Applying Netlabel to Network Access Control in a Virtualized Environment

Open Access
Kamath, Radhesh Muralidhara
Graduate Program:
Computer Science and Engineering
Master of Science
Document Type:
Master Thesis
Date of Defense:
April 28, 2008
Committee Members:
  • Trent Ray Jaeger, Thesis Advisor
  • network security
  • virtualization
  • security
  • system security
We consider the problem of transmitting authorization data in a distributed environment comprised of applications hosted on paravirtualized Virtual Machines. The current mechanism, called Labeled IPSec, relies upon IPSec to provide secure communication channels to applications, while implicitly transferring authorization data between communication endpoints. But, Labeled IPSec incurs heavy performance penalties and hinders the scalability of Mandatory Access Control of Network Communication, because it does not leverage the underlying mechanisms offered by the hypervisor and Virtual Machine kernels to provide secure communication channels.

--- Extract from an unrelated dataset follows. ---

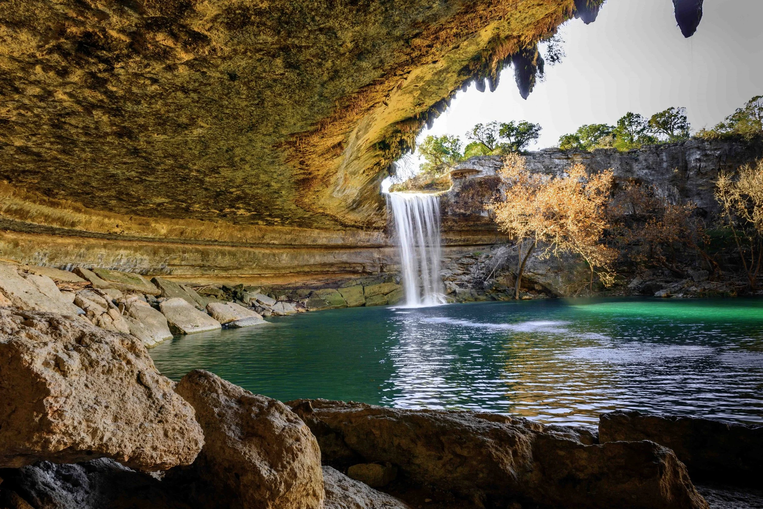 Hamilton Pool Preserve is a natural feature in southwest Travis County upstream from the confluence of Hamilton Creek and the Pedernales River. The pool occurs where Hamilton Creek spills out over limestone outcroppings, creating a 50-foot waterfall that plunges into the head of a steep box canyon. The waterfall never completely dries up though it slows to a trickle in dry times.

We exploit the Netlabel mechanism provided by the Linux Kernel to transmit authorization data in packets, while leveraging the Trusted Computing Base comprised of the Xen hypervisor, paravirtualized guest kernels, and the Dom-0 to isolate and protect network communication. In order to test our claim that the Netlabel mechanism is more efficient than Labeled IPSec, we build a prototype that consists of modified guest kernels and Dom-0 kernel, along with user space tools in the Dom-0 which enable monitoring and dynamic control of the packet labeling state on guests. Using micro benchmarks that measure the impact of labeling on performance measures such as latency and bandwidth, we provide a quantitative comparison of Labeled IPSec and Netlabel in various communication scenarios. We find that Netlabel consistently outperforms Labeled IPSec on all performance measures, validating our claim that authorization data can be transmitted at lesser cost using Netlabel, and relying on the TCB to protect network traffic in transit. As a result, while we conclude that Netlabel can be applied successfully to provide Mandatory Access Control of Network Communication, we also believe that more extensive performance analyses, better support for security-aware applications and a standardized policy management interface will go a long way toward securing applications.